Especially, it has been proposed that UC is a high-grade inflammatory response mediated by the immune system, which may be a consequence of microbial dysbiosis and disruption. An increase in Proteobacteria and Actinobacteria microbial groups has been linked with UC development, as studies have shown. In addition, some molecules, such as toll-like receptors (TLRs), IgG antibodies, nuclear factor kappa B (NF-?B), and pro-inflammatory cytokines, are commonly impaired in individuals with the disease, which may contribute to its progression.

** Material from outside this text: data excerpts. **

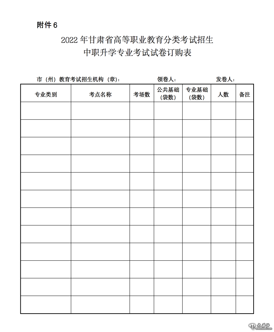 6.2022年甘肃省高等职业教育分类考试招生中职考试试卷订购表
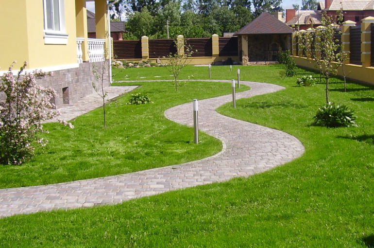 Не забывайте про пути подхода к дому и разным зонам. Для оформления можно выбрать разные материалы. Тропинки сооружают из щебня, асфальта, деревянных спилов, кирпичей, бетона, плитки так, чтобы их вид гармонировал с дизайном дома и местностью.
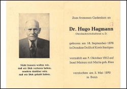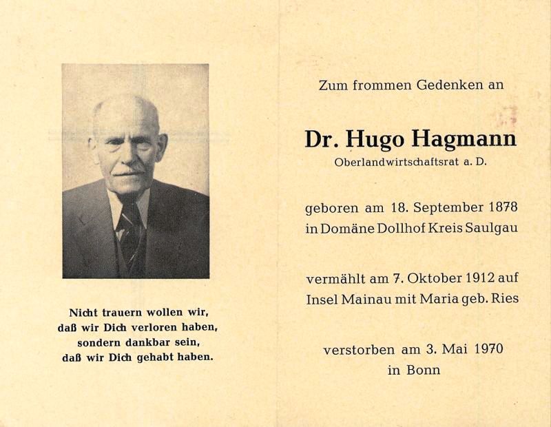 Oberlandwirtschaftsrat a. D.; ∞ 7.10.1912 auf Insel Mainau Maria Ries; Exequien und Beerdigung in Urfeld |
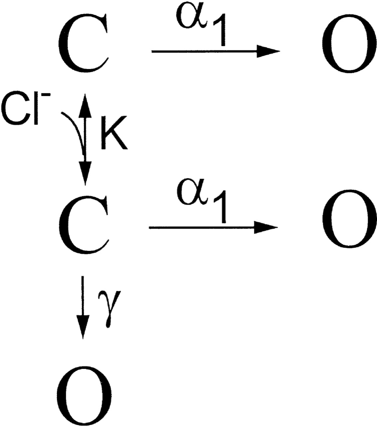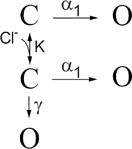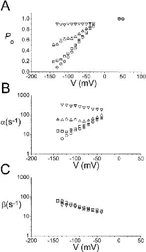 Figure 6. Fast gating properties of single C212S channels at different external pH. (A) Steady-state open probability. (B) Opening rate of the fast gate. (C) Closing rate of the fast gate. All rate constants were calculated according to and . External pHs were as follows: ▿, 5.6; Δ, 6.6; □, 7.6; and ○, 9.6. |
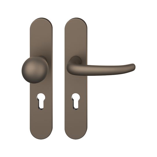 FSB Wechselgarnitur 12 1023; Material: Aluminium; Befestigungsart: verdeckt verschraubt; Befestigungstechnik: mit Stütznocken; Vierkant: 8 mm; Befestigungssystem: Stiftverbindung; Abdeckung: Langschild; Lagerung: ASL®,festdrehbar; Form: oval; Benutzerklasse: Klasse 4; Einsatzbereich: Objekttür; Basis: Wechselgarnitur; Lochung: Profilzylinder gelocht; Entfernung: 72 mm; Türstärke min.: 39 mm; Türstärke max.: 58 mm; Knopfhöhe: 70 mm; Knopfform: Kugelform; DIN-Richtung: DIN Links-Rechts; Norm: DIN EN 1906; Breite: 45 mm; Länge: 245 mm; Oberfläche: gestrahlt,eloxiert; Farbton: mittelbronzefarbig; Türart: Außentüren; Drückerbefestigung: Wechselstift mit Rolle; Anschlagrichtung: Drücker rechts/links verwendbar; Knopfdurchmesser: 50 mm; Türwerkstoff: Holz,Stahl; Lieferung: mit Befestigungsmaterial; Betätigungswinkel max.: 45 °; Drückerhöhe: 58 mm; Drückerlänge: 135 mm; Schildstärke außen: 7 mm; Schildstärke innen: 7 mm; Material Unterkonstruktion: Kunststoff-Edelstahl verstärkt; Drückerform: gebogen

The main objectives of UC therapy are to induce the reduction of symptoms during acute inflammation and, second, to control chronic inflammation, thereby preventing the spread and perpetuation of the inflammatory process. With these objectives, one of the main strategies to effectively neutralize the exacerbated immune response is to interfere in various stages of the inflammatory cascade, mainly using corticosteroids, aminosalicylates (sulfasalazine or mesalazine), immunosuppressants (azathioprine). In recent years, biologic therapies, including tumor necrosis factor (TNF) antagonists and the anti-a4ß7 antibody vedolizumab, have improved UC management compared to conventional therapeutics. Unfortunately, these treatments are associated with potentially serious side effects, such as gastrointestinal problems (diarrhea and abdominal pain), anemia, hepatotoxicity, nephrotoxicity, and hypersensitivity reactions, thus limiting their chronic use. In addition, when used for a prolonged period, these therapies may represent a high cost for patients. The development of new drug treatments that combine efficacy and safety is an important goal in UC therapy.

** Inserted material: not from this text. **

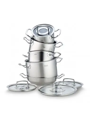 Wykonana z wysokiej jakości satynowanej stali nierdzewnej 18/10, Original Profi Collection jest łatwa w pielęgnacji, niezwykle trwała i niewrażliwa na rdzę . Dzięki tej podstawie naczynia nadają się do wszystkich rodzajów kuchenek i są zoptymalizowane pod kątem kuchenek indukcyjnych. Jego przemyślana konstrukcja umożliwia optymalną absorpcję, dystrybucję i przechowywanie ciepła. Charakterystyczne dla serii izolowane metalowe uchwyty gwarantują przyjemną temperaturę chwytu podczas gotowania i przenoszenia naczynia.
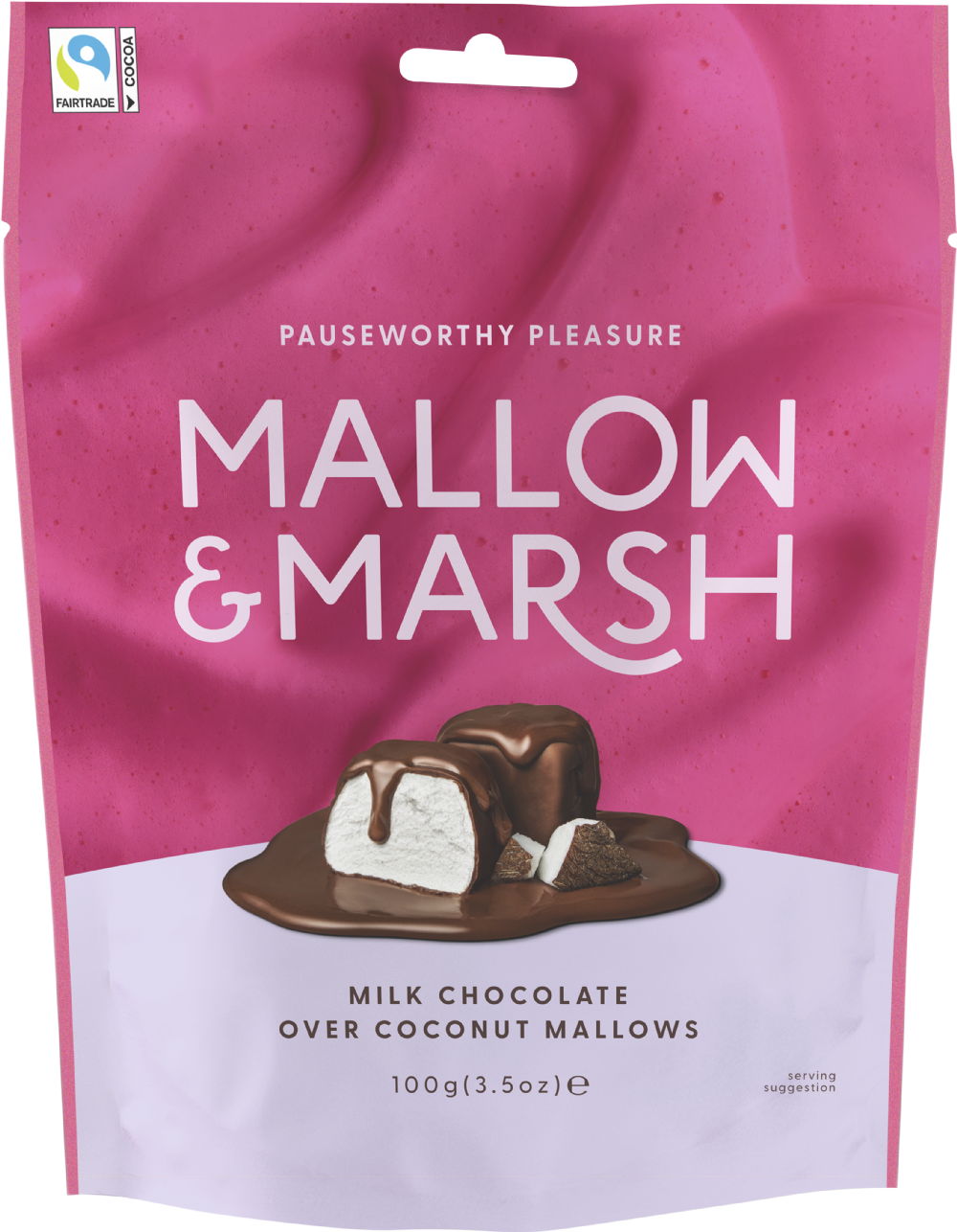 Tropical coconut mallow, covered in our smooth, melting Belgian Fairtrade milk chocolate.

Researchers in the field have been working hard in search of new therapeutic strategies through the application of natural products. Some examples include medicinal plants, bioactive/ nutraceutical compounds of vegetable origin, animal and vegetable oils, micronutrients, prebiotics, probiotics, and symbiotics. Some of the studies with animals show that these strategies may be valid for the prevention and treatment of UC.
In this Research Topic, we welcome pharmacology-focused Original Research, Reviews, Clinical Trials, Methods, and Opinion articles that relate to the following aspects:
• Underlying novel mechanisms or pathways of well-defined composition from natural plants for prevention and treatment of UC (in vitro and in vivo).
• Development of molecular targets, the multi-targets, and synergistic mechanism discovery for compounds from plants.
• Investigation of the efficacy and safety of UC therapy.
• Clinical application of active ingredients in plants in the management of UC.
• The molecular mechanisms of UC occurrence and development.